PROBLEM STATEMENT: The pictures in the data below are to be omitted; all else must be duplicated exactly.

COLLECTED DATA:
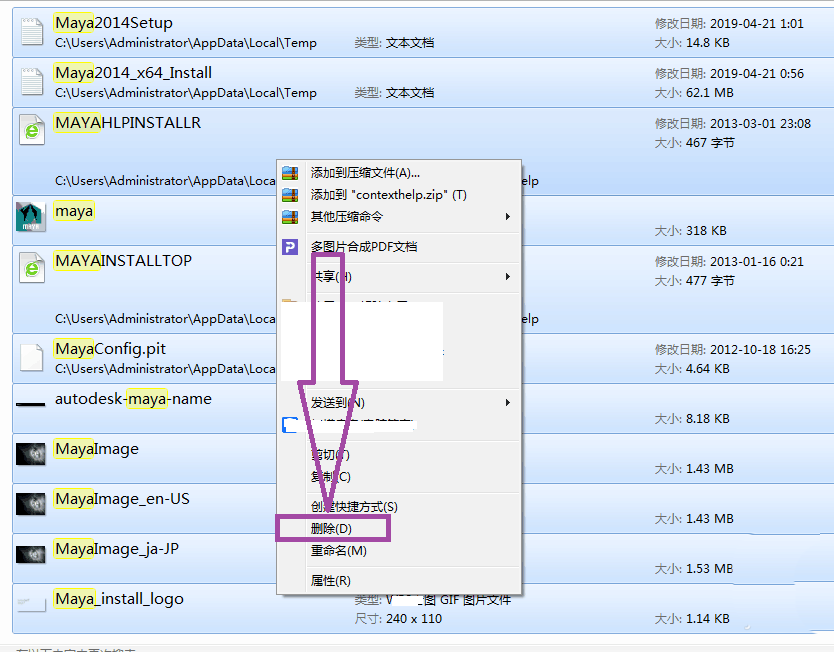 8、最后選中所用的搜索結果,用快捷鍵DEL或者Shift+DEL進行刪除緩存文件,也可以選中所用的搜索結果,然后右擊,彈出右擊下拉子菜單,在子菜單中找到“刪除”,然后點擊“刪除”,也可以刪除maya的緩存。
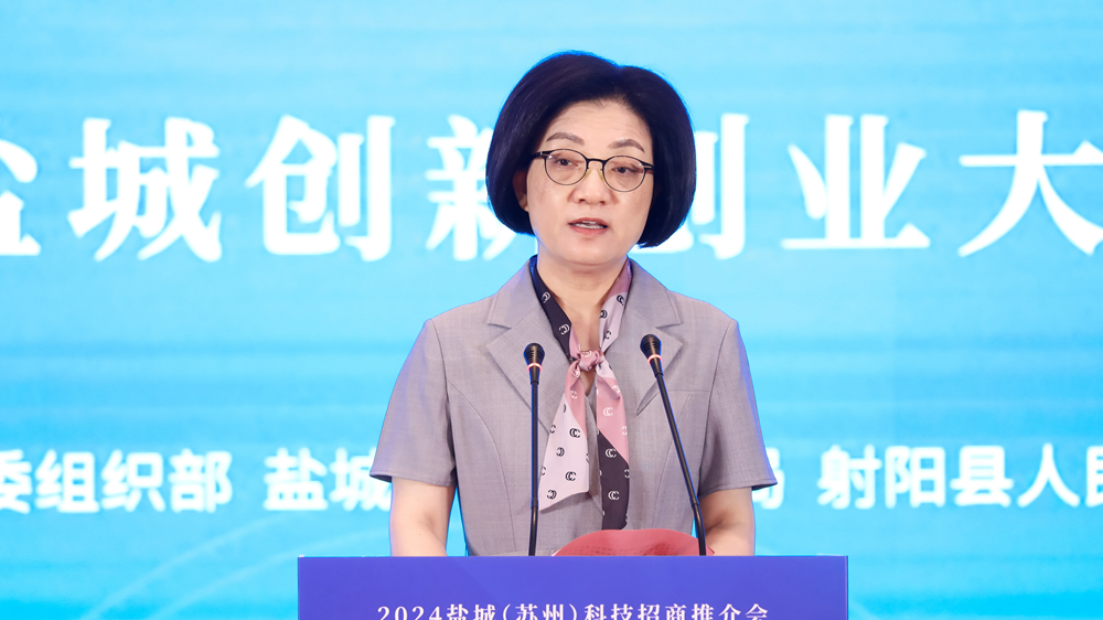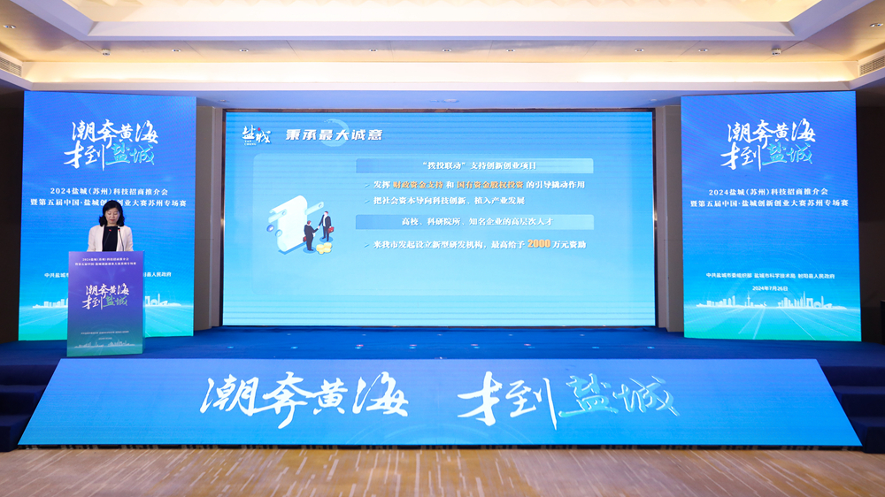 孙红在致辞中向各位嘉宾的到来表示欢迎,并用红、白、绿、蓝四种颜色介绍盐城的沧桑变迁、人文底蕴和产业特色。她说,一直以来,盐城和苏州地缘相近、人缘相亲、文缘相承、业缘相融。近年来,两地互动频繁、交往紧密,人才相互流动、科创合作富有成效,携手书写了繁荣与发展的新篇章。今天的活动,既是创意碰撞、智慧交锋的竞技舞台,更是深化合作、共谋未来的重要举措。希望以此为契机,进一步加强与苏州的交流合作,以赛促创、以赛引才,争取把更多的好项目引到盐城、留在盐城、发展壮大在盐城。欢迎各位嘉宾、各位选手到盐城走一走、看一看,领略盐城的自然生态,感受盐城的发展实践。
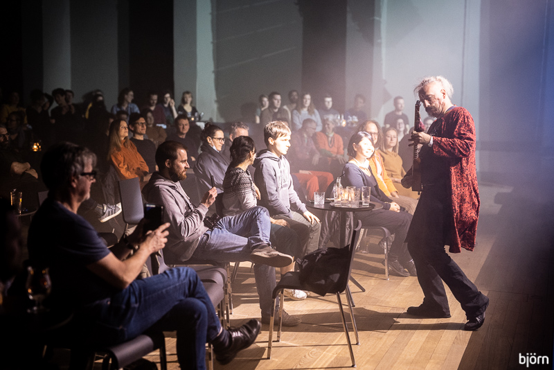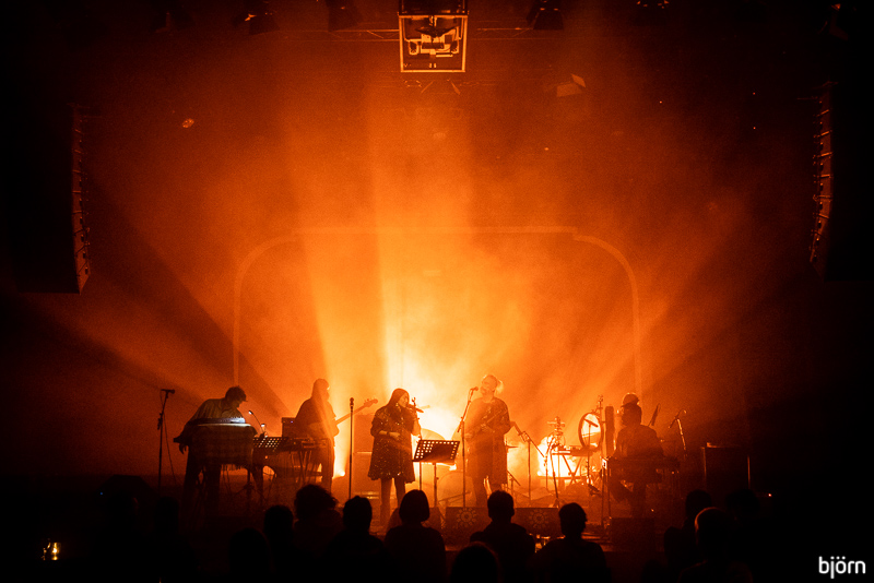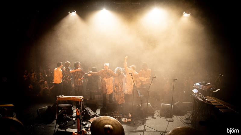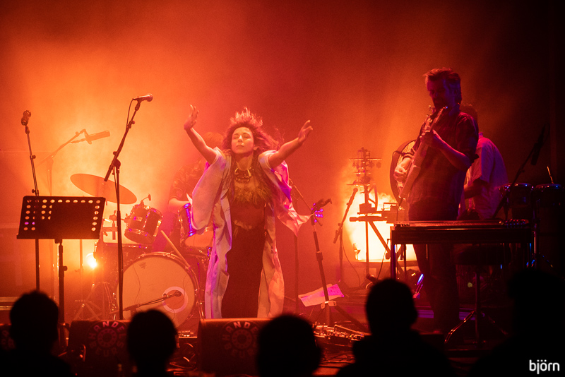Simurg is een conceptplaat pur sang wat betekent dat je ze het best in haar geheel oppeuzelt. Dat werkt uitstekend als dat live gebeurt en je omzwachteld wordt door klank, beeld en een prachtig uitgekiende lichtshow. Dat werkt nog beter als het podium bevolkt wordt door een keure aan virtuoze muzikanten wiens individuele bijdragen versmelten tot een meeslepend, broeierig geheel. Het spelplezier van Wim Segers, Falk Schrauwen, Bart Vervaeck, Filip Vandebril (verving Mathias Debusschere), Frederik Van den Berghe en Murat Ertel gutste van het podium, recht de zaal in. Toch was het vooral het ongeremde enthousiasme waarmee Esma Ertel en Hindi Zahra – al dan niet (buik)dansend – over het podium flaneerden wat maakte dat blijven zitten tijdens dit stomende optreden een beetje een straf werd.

SOLVED EXERCISE:
 8、最后選中所用的搜索結果,用快捷鍵DEL或者Shift+DEL進行刪除緩存文件,也可以選中所用的搜索結果,然后右擊,彈出右擊下拉子菜單,在子菜單中找到“刪除”,然后點擊“刪除”,也可以刪除maya的緩存。
 孙红在致辞中向各位嘉宾的到来表示欢迎,并用红、白、绿、蓝四种颜色介绍盐城的沧桑变迁、人文底蕴和产业特色。她说,一直以来,盐城和苏州地缘相近、人缘相亲、文缘相承、业缘相融。近年来,两地互动频繁、交往紧密,人才相互流动、科创合作富有成效,携手书写了繁荣与发展的新篇章。今天的活动,既是创意碰撞、智慧交锋的竞技舞台,更是深化合作、共谋未来的重要举措。希望以此为契机,进一步加强与苏州的交流合作,以赛促创、以赛引才,争取把更多的好项目引到盐城、留在盐城、发展壮大在盐城。欢迎各位嘉宾、各位选手到盐城走一走、看一看,领略盐城的自然生态,感受盐城的发展实践。
Simurg is een conceptplaat pur sang wat betekent dat je ze het best in haar geheel oppeuzelt. Dat werkt uitstekend als dat live gebeurt en je omzwachteld wordt door klank, beeld en een prachtig uitgekiende lichtshow. Dat werkt nog beter als het podium bevolkt wordt door een keure aan virtuoze muzikanten wiens individuele bijdragen versmelten tot een meeslepend, broeierig geheel. Het spelplezier van Wim Segers, Falk Schrauwen, Bart Vervaeck, Filip Vandebril (verving Mathias Debusschere), Frederik Van den Berghe en Murat Ertel gutste van het podium, recht de zaal in. Toch was het vooral het ongeremde enthousiasme waarmee Esma Ertel en Hindi Zahra – al dan niet (buik)dansend – over het podium flaneerden wat maakte dat blijven zitten tijdens dit stomende optreden een beetje een straf werd.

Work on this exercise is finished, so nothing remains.